*What is required*. Return the material below exactly, but only from the line with "Lines: data, pythia8 8.315 qcdcr2 |" through the line with "4 Pack 8QT Chafing", and without its pictures.

** Opening Material shown block **

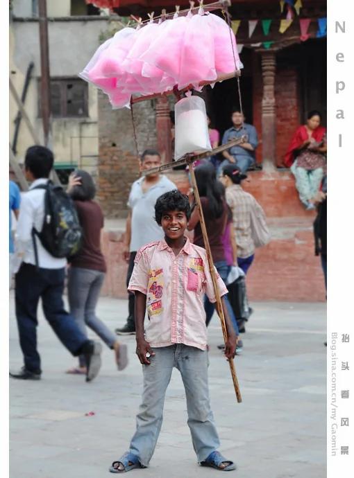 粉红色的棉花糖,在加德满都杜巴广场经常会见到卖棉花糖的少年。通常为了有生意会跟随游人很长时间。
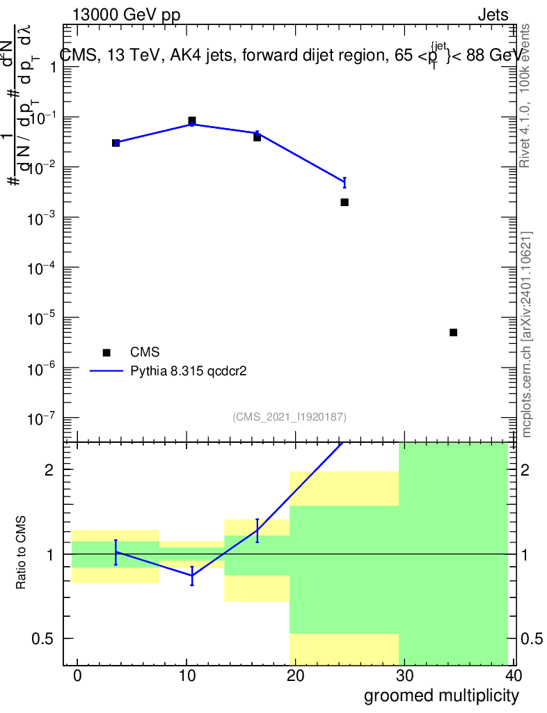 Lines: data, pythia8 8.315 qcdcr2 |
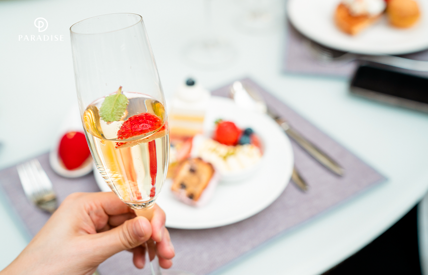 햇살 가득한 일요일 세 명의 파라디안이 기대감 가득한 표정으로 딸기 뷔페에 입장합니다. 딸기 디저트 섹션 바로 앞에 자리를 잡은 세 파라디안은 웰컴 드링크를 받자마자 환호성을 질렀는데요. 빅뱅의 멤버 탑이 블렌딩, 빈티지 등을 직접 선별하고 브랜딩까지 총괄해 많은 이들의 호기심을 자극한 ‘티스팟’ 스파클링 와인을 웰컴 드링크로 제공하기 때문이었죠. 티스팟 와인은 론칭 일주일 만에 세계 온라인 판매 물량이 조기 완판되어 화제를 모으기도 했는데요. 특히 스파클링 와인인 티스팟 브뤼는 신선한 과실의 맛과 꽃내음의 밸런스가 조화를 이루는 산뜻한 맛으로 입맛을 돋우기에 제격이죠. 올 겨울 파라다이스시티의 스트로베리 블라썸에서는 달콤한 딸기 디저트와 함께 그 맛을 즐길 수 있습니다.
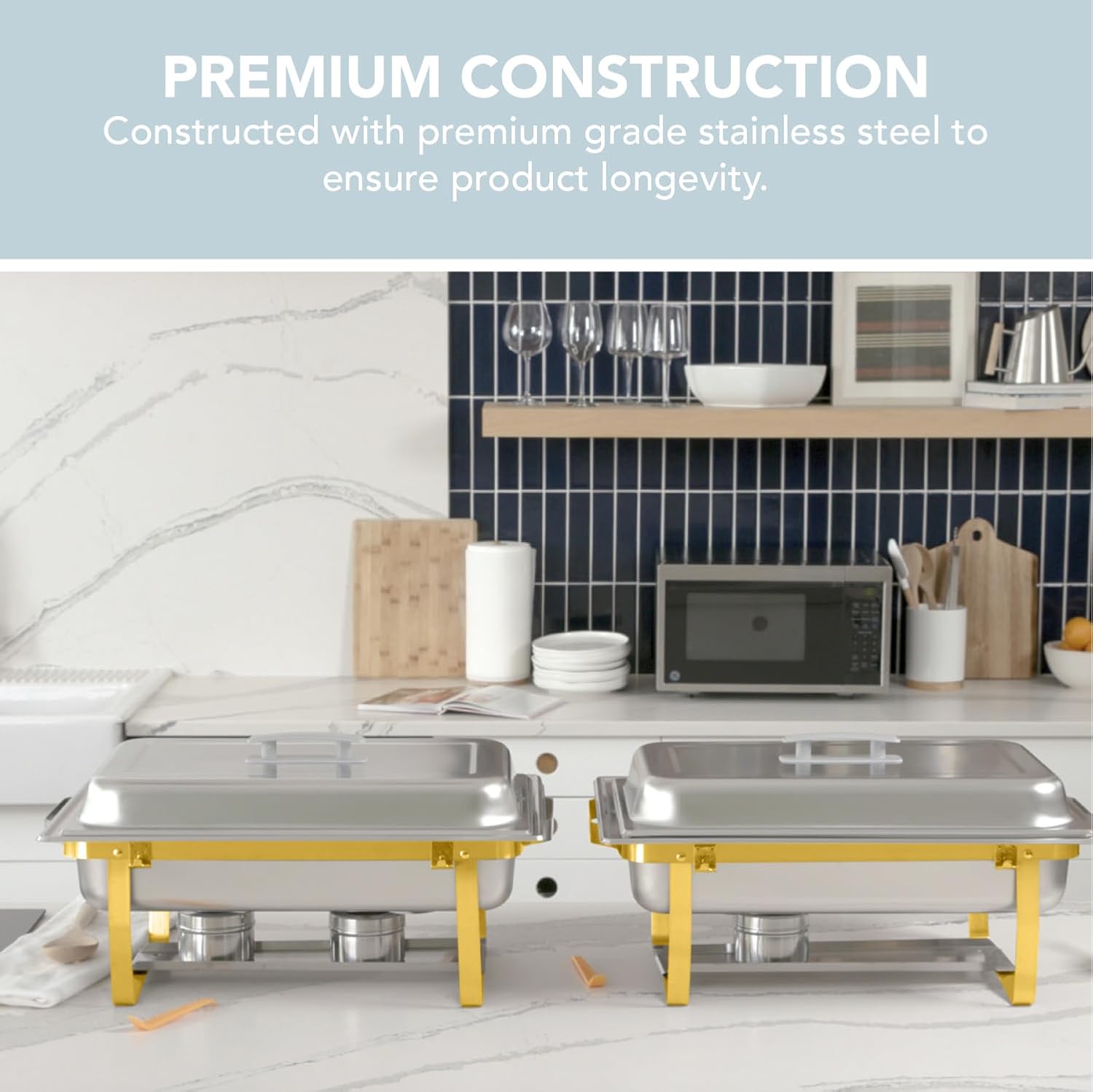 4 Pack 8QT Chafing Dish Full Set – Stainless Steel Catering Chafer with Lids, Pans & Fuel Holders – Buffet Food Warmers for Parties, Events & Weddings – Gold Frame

** Closing Material shown block **
** Opening Material shown block **

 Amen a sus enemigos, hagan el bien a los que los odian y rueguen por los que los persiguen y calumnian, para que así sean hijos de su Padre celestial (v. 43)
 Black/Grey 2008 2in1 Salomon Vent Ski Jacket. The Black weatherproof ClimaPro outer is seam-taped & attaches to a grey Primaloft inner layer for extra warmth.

** Closing Material shown block **

*Answer section*.
 Lines: data, pythia8 8.315 qcdcr2 |
 햇살 가득한 일요일 세 명의 파라디안이 기대감 가득한 표정으로 딸기 뷔페에 입장합니다. 딸기 디저트 섹션 바로 앞에 자리를 잡은 세 파라디안은 웰컴 드링크를 받자마자 환호성을 질렀는데요. 빅뱅의 멤버 탑이 블렌딩, 빈티지 등을 직접 선별하고 브랜딩까지 총괄해 많은 이들의 호기심을 자극한 ‘티스팟’ 스파클링 와인을 웰컴 드링크로 제공하기 때문이었죠. 티스팟 와인은 론칭 일주일 만에 세계 온라인 판매 물량이 조기 완판되어 화제를 모으기도 했는데요. 특히 스파클링 와인인 티스팟 브뤼는 신선한 과실의 맛과 꽃내음의 밸런스가 조화를 이루는 산뜻한 맛으로 입맛을 돋우기에 제격이죠. 올 겨울 파라다이스시티의 스트로베리 블라썸에서는 달콤한 딸기 디저트와 함께 그 맛을 즐길 수 있습니다.
 4 Pack 8QT Chafing Dish Full Set – Stainless Steel Catering Chafer with Lids, Pans & Fuel Holders – Buffet Food Warmers for Parties, Events & Weddings – Gold Frame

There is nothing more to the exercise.